As far as NBA fanbases go, Atlanta Hawks fans have a good grip on reality. They don't photoshop every free agent into a Hawks jersey, and they don't pine for a nostalgic past. As the previous few years have shown, they are both patient and supportive with rebuilds. All in all, they are pretty level-headed - except when it comes to Cam Reddish. No player on the roster evokes reactions like the 6'8 wing.
Public opinion swings from manic #ReddishMVP talk to hasty trade talk on any given day. Reddish's flashes of brilliance convert the most skeptical fans into believers. His cold-shooting nights throw ice water on those dreams. Comparisons can range from Paul George to Patrick Patterson.

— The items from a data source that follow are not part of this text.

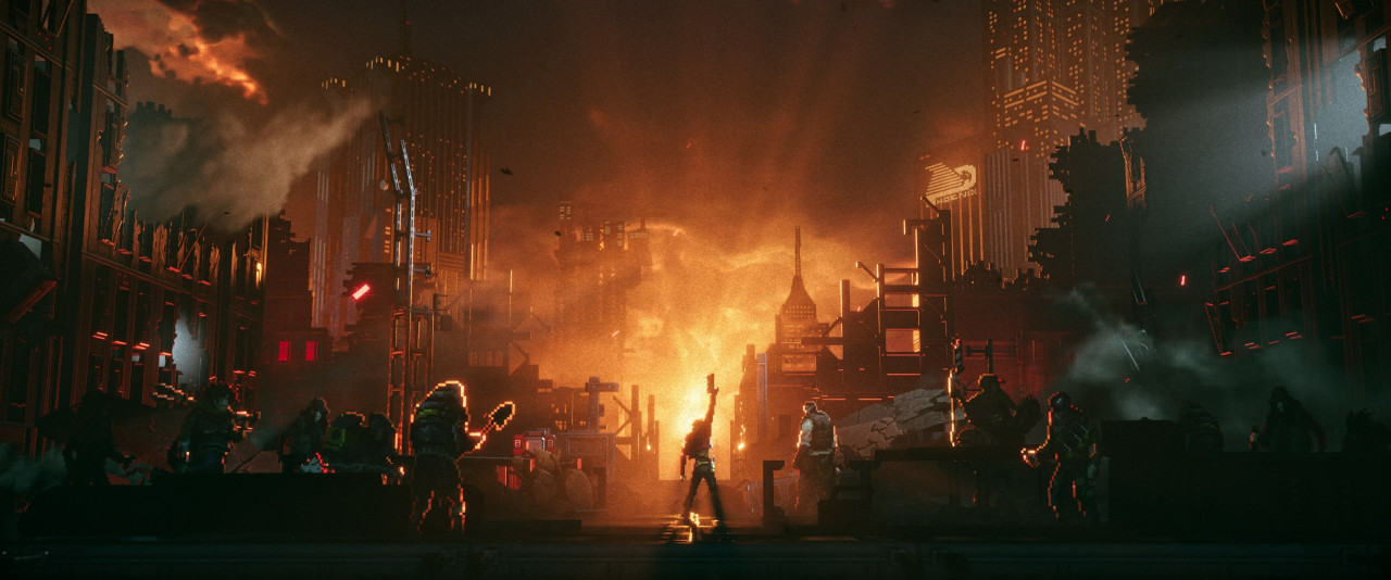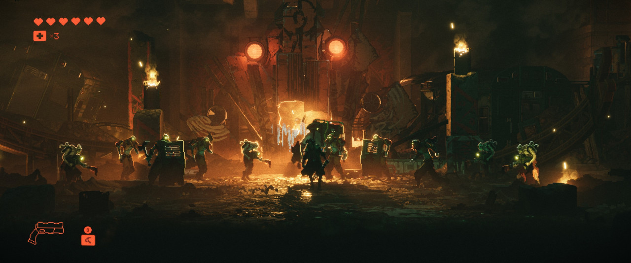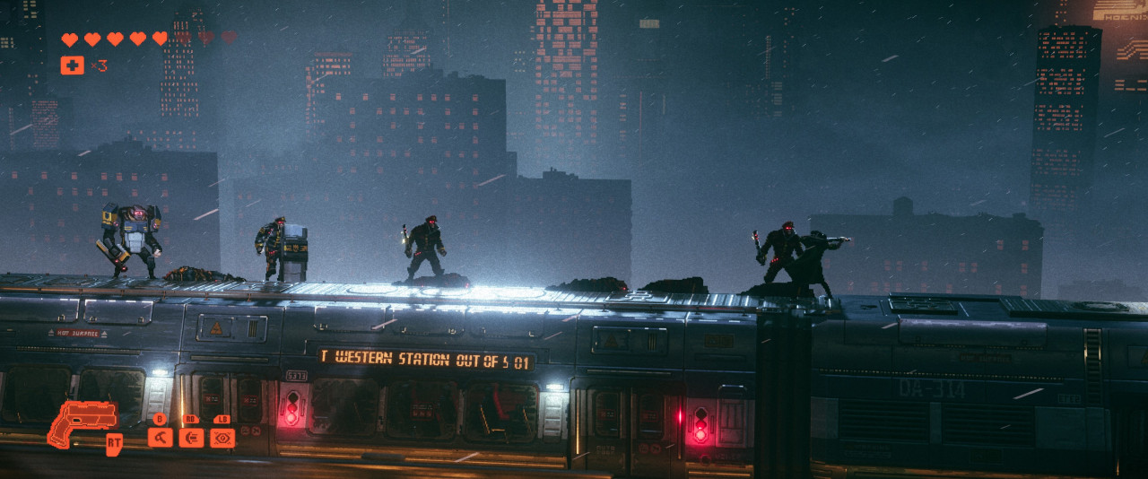 És ha már így szóba került a sokáig csak a távolból szemlélt metropolisz, muszáj szót ejtenem a látványról, hiszen egyértelműen a grafika a Replaced legerősebb pontja – kivéve a fekete sávokat, azokat nem tudtam mire vélni. Már az előzeteseken is látszott, hogy a pixel art stílus ötvözése az olyan modern(ebb) vívmányokkal, mint a dinamikus fény-árnyék hatások, remek döntésnek bizonyult, élőben viszont még szebb az összhatás – percekig csodáltam a tájat, miután volt időm szusszanni a pörgős prológust követően. Sokat hozzátesz az élményhez, hogy az egész kép rendkívül dinamikus – mozog a növényzet, patkányok futkoznak a csöveken, bogarak repkednek a fényforrások körül, ilyesmik –, egyetlenegyszer sem válik unalmassá az elénk táruló pixelrengeteg. Legalábbis technikai szempontból, és akkor most következzék a második fekete pont, melynek beírása nagyban függ attól, mi jut eszedbe a „cyberpunk” szó hallatán. Amennyiben azt várod, hogy egy 2,5D-s Night Cityben verheted péppé a csúnya, gonosz nagyvállalat csatlósait, nagyot fogsz csalódni, mivel a Replaced körülbelül 75-80%-a Phoenix-Cityn kívül játszódik, ráadásul a városba érve sem igazán csodálhatod meg a helyi látványosságokat, hiszen a labor az úti cél, ahol minden elkezdődött.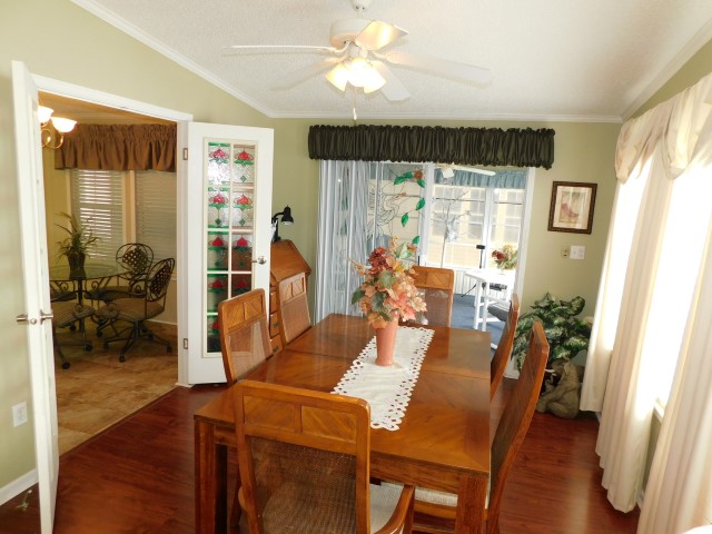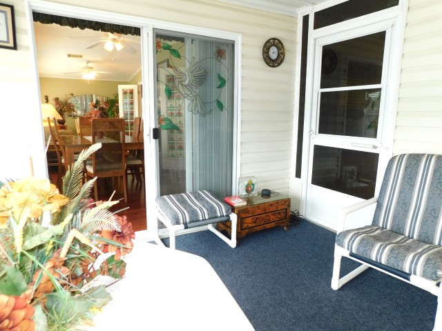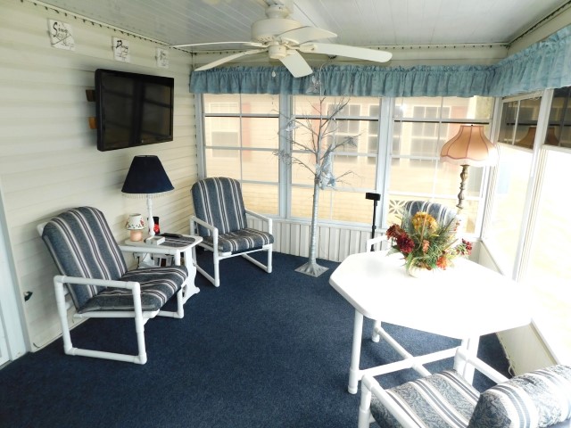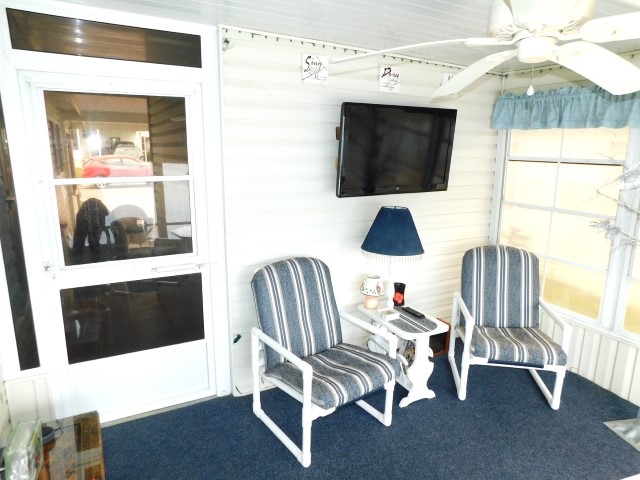 FLORIDA ROOM: Table, four patio chairs, lamp table, TV, ceiling fan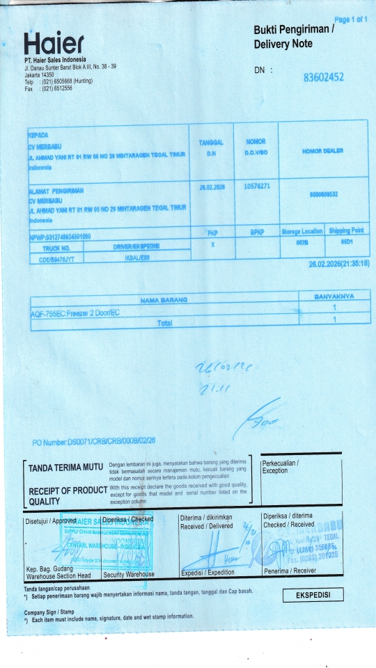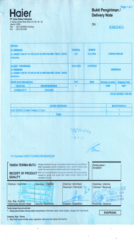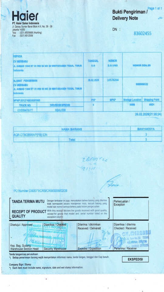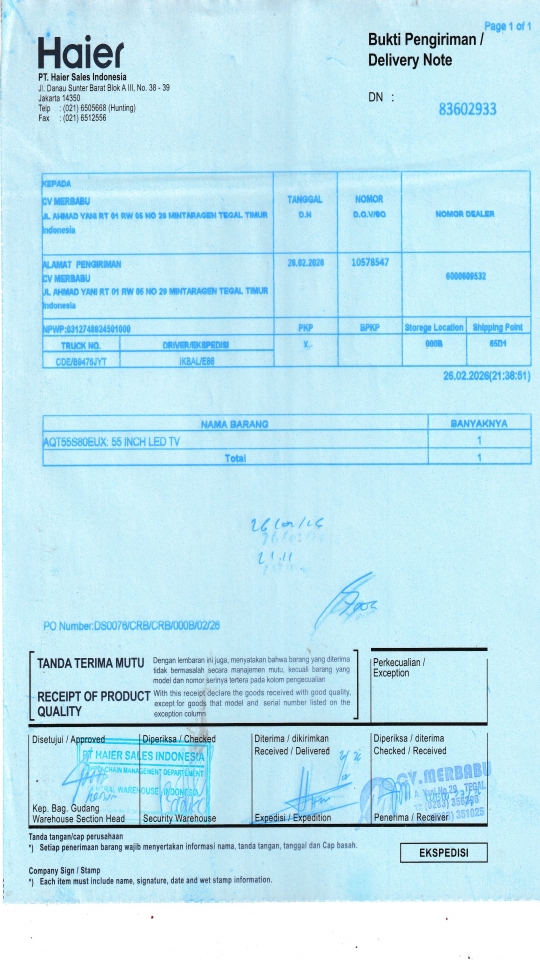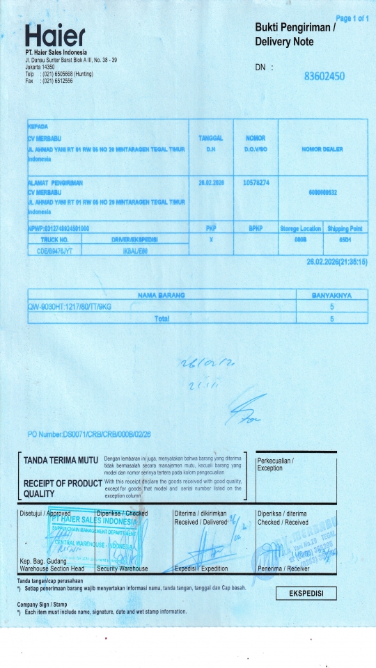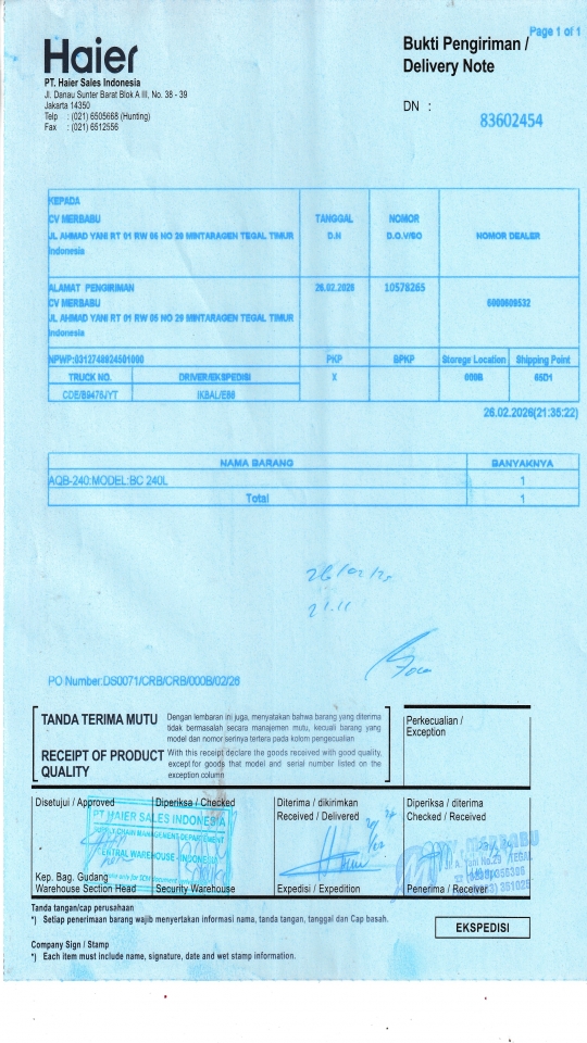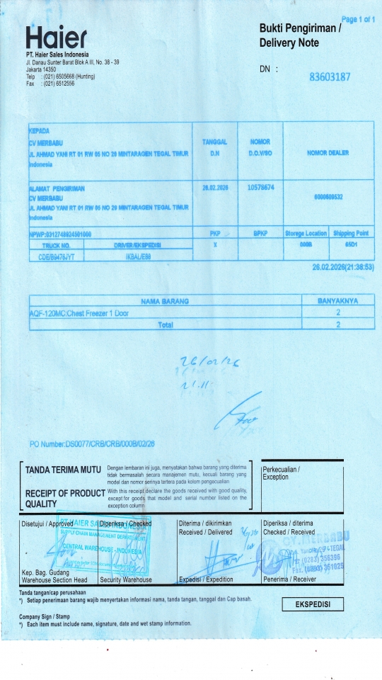 | Berangkat, Tiba, Bongkar | 2026-02-27, 2026-02-27, 2026-02-27 |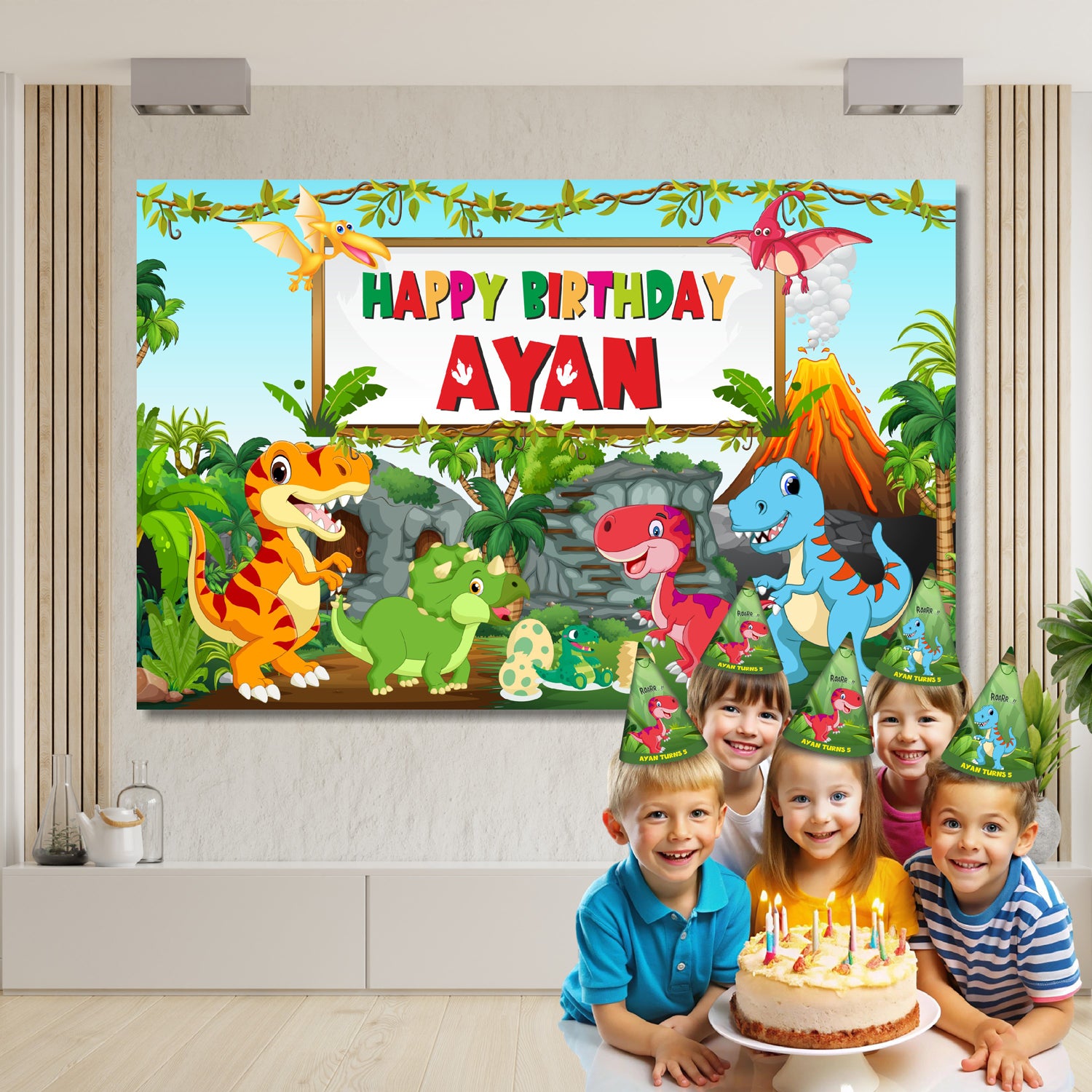 Roar! It's a party! Celebrate with a personalized dinosaur birthday banner. Featuring fun, cartoon dinos and a "Happy Birthday" message, this banner is the perfect way to welcome all your little paleontologists. You can customize it with your child's name and age for a truly roarsome touch.

Like most things in life, the truth is somewhere in the middle. Before Reddish reaches for superstardom, he must grasp consistency. The former lottery pick will be eligible for a rookie contract extension next summer. Following years of financial flexibility, the Hawks salary cap is finally tightening up and will be near rigid once the team reaches a deal with Kevin Huerter.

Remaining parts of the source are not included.